▶ [EXERCISE OBJECTIVE]:
Could you repeat exactly the lines from the one containing "地政局表示,針對2019年實" through the last line of the records, with no pictures?

[Stored dataset items]
* * * *

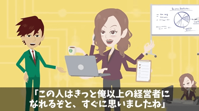 娘の夫は、商談の場で娘と出会ったことを頭取に話しました。 そして、いかに娘が賢く、知識豊富で行動力があるかを頭取に説明したのです。
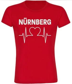 Damen T-Shirt - Nürnberg - Herzschlag - Druck weiß - Frauen Größe L rot
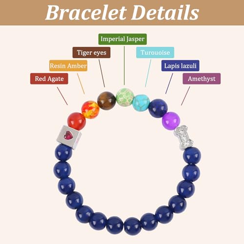 【Quality Materials】Our pet memorial bracelet is carefully crafted the use of 14 blue beads,7 rainbow-colored beads and alloy, showcasing their inherent beauty and ensuring long-lasting durability. The bone and the heart bead are thoughtfully designed, adding an elegant touch to the dog memorial bracelet and serving as enduring symbols of the deep love shared between pet and owner.
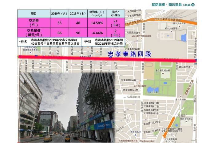 地政局表示,針對2019年實價登錄的買賣案例,以屋齡5年為界劃分新成及中古屋,分別統計交易量前40名的熱門路街,並以平均交易單價排序,除各路段交易量及單價,同時呈現較2018年的變動幅度與排名升降,市民可輕鬆讀懂北市熱門交易路段及其近1年量價變化,其中新成屋房價和平東路一段最高、中古屋房價仁愛路四段居冠。
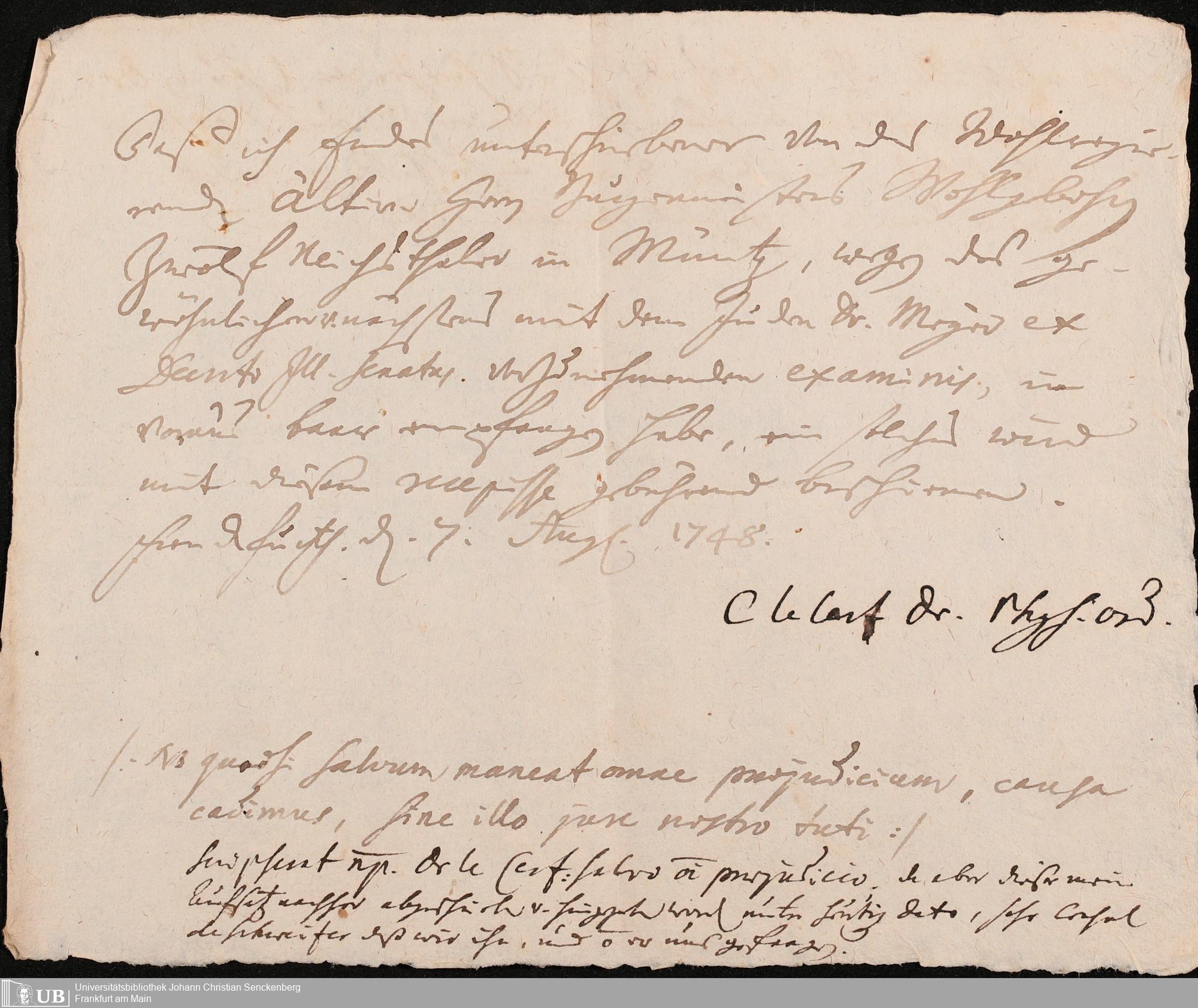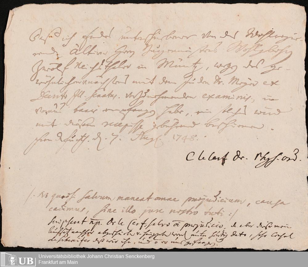Na 31 Nachlass Johann Christian Senckenberg, 302 - Eingaben an den Senat und Beschlüsse über die Zulassung von Judenärzten in Frankfurt

* * * *

▶ [SOLUTION]:
 地政局表示,針對2019年實價登錄的買賣案例,以屋齡5年為界劃分新成及中古屋,分別統計交易量前40名的熱門路街,並以平均交易單價排序,除各路段交易量及單價,同時呈現較2018年的變動幅度與排名升降,市民可輕鬆讀懂北市熱門交易路段及其近1年量價變化,其中新成屋房價和平東路一段最高、中古屋房價仁愛路四段居冠。
Na 31 Nachlass Johann Christian Senckenberg, 302 - Eingaben an den Senat und Beschlüsse über die Zulassung von Judenärzten in Frankfurt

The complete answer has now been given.